Configuration & Logical Checks

  1. Rate Limits

    • Description: Verify customer-ordered bandwidth limits are correctly applied.

    • Symptoms: Misconfigurations can result in slow or throttled connections.

    • Resolution: Adjust configurations to align with SLAs.

  2. Management VLANs

    • Description: Ensure VLANs are correctly provisioned for management traffic.

    • Symptoms: Incorrect VLANs disrupt device access and monitoring.

    • Resolution: Update VLAN configurations.

  3. Broadcast Traffic

    • Description: Monitor broadcast and unicast traffic ratios for anomalies.

    • Symptoms: Excessive broadcasts cause network congestion.

    • Resolution: Apply broadcast filtering and optimise traffic distribution.

  4. IP/Subnet Configuration

    • Description: Verify the assigned IP, subnet mask, and gateway configurations.

    • Symptoms: Misconfigured addresses prevent connectivity or cause routing issues.

    • Resolution: Correct the network configurations as needed.


Advanced Transmission & Layer-2 Checks

  1. Ping and MTR Tests

    • Description: Conduct pings with varying packet sizes and MTR tests to assess connectivity and path quality.

    • Symptoms: Packet loss or high latency indicates transmission issues.

    • Resolution: Investigate faulty paths or congestion points.

  2. Congestion Issues

    • Description: Check for bottlenecks on primary or backup transmission paths.

    • Symptoms: High latency and packet drops occur under heavy traffic.

    • Resolution: Re-route traffic or upgrade link capacity.

  3. Layer 2 Loops

    • Description: Inspect for spanning tree issues or broadcast storms.

    • Symptoms: Network-wide slowdowns or outages.

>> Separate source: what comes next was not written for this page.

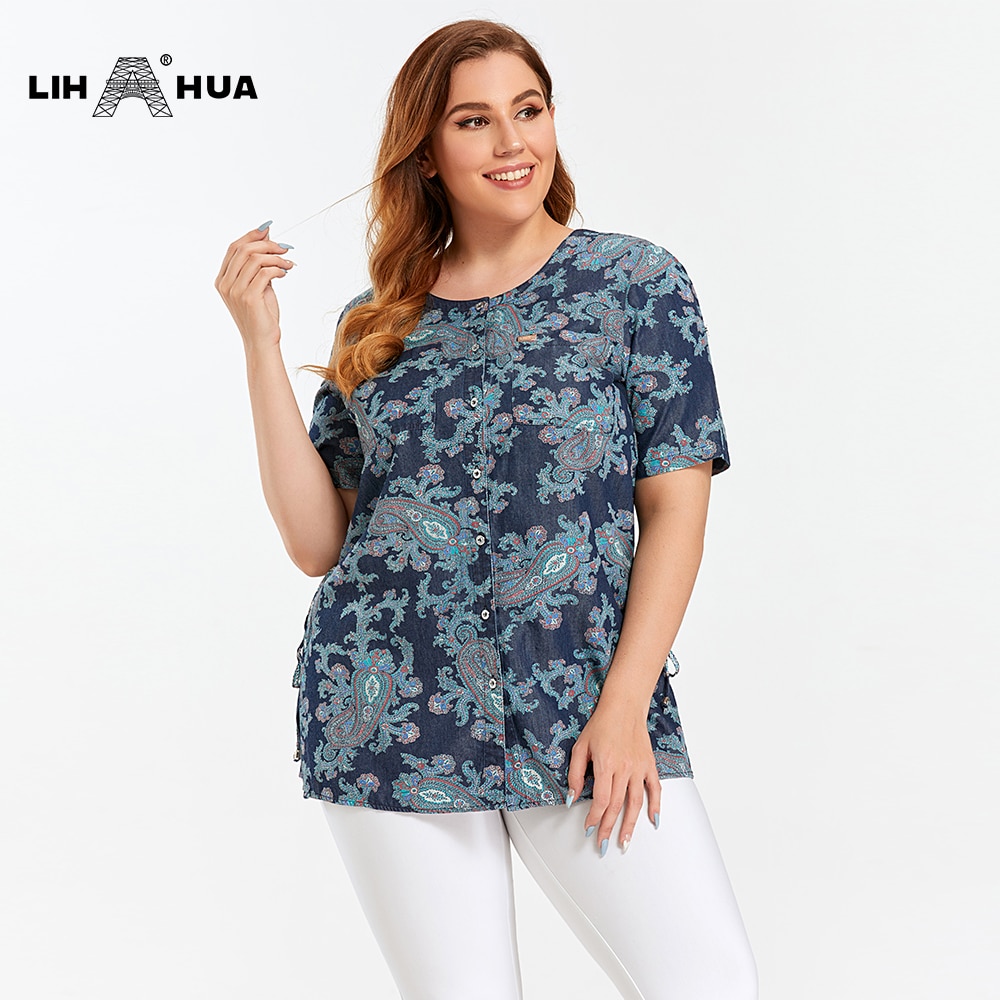 1779.6руб. 58% СКИДКА|Женские джинсовые топы LIH HUA, летняя рубашка, Повседневная рубашка с рукавами и принтом, тканая джинсовая рубашка с коротким рукавом и поясом|Футболки| | АлиЭкспресс Покупай умнее, живи веселее! Aliexpress.com

    • Resolution: Enable STP or address the source of loops.

  4. Path Protection

    • Description: Check path protection configurations and logs for flapping.

    • Symptoms: Intermittent disruptions and instability in redundancy mechanisms.

    • Resolution: Correct misconfigurations and stabilise paths.


Wireless & Radio-Specific Issues

  1. Radio Interference

    • Description: Evaluate potential sources of interference affecting radio links.

    • Symptoms: Dropped signals or reduced throughput.

    • Resolution: Eliminate self-interference and external interference sources.

  2. Line of Sight (LOS)

    • Description: Inspect for physical obstructions or misalignment.

    • Symptoms: Signal degradation or complete loss of radio links.

    • Resolution: Align antennas and clear obstructions.

  3. Link Synchronisation

    • Description: Ensure links are synchronised for optimal performance.

    • Symptoms: Out-of-sync links cause jitter and packet loss.

    • Resolution: Resynchronise and optimise configuration.


General Path & Performance Considerations

  1. MTU Alignment

    • Description: Verify MTU settings along the transport path.

    • Symptoms: Mismatched MTUs cause fragmentation and performance degradation.

    • Resolution: Align MTUs across devices and paths.

  2. Throughput and Distance

    • Description: Measure throughput and verify it meets expected performance for the link’s distance.

    • Symptoms: Low throughput indicates potential signal loss or hardware limitations.

    • Resolution: Adjust configurations or upgrade components.


By addressing these detailed checks systematically, network teams can effectively identify and resolve root causes of connectivity or performance issues. Each step provides insights that contribute to faster resolution times and improved network reliability.

Comprehensive Component Checklist for Diagnosing Outages & Faults

When investigating network outages or faults, conducting thorough checks on individual components is essential. The following checklist ensures a systematic approach to identifying and resolving issues, focusing on the physical, operational, and logical aspects of network components.


Component Health and Status

  1. Issues Identified by Component Checks

    • Review diagnostic logs and status indicators for any highlighted issues.
  2. Fan Speed Status

    • Ensure fan speeds are within manufacturer-recommended limits to prevent overheating.
  3. Temperature Status

    • Verify that the component operates within safe temperature ranges; overheating can cause performance degradation or failure.
  4. Power Supply Status

    • Confirm power supplies are functional, with no alarms or voltage irregularities.
  5. Power-On Self-Tests (POSTs)

    • Ensure the component passes POSTs without errors, which could indicate hardware faults.
  6. Unexplained Resets or Violations

    • Investigate logs for unexpected resets, violations, or reboots, which may signal deeper issues.

Resource and Configuration Checks

  1. CPU, Memory, and File System Status

    • Verify that all resource utilization metrics are within acceptable limits to avoid performance bottlenecks.
  2. VLAN Configuration

    • Check that VLANs are correctly provisioned and correspond to the network design.
  3. Firmware Status

    • Ensure the component runs the correct firmware version.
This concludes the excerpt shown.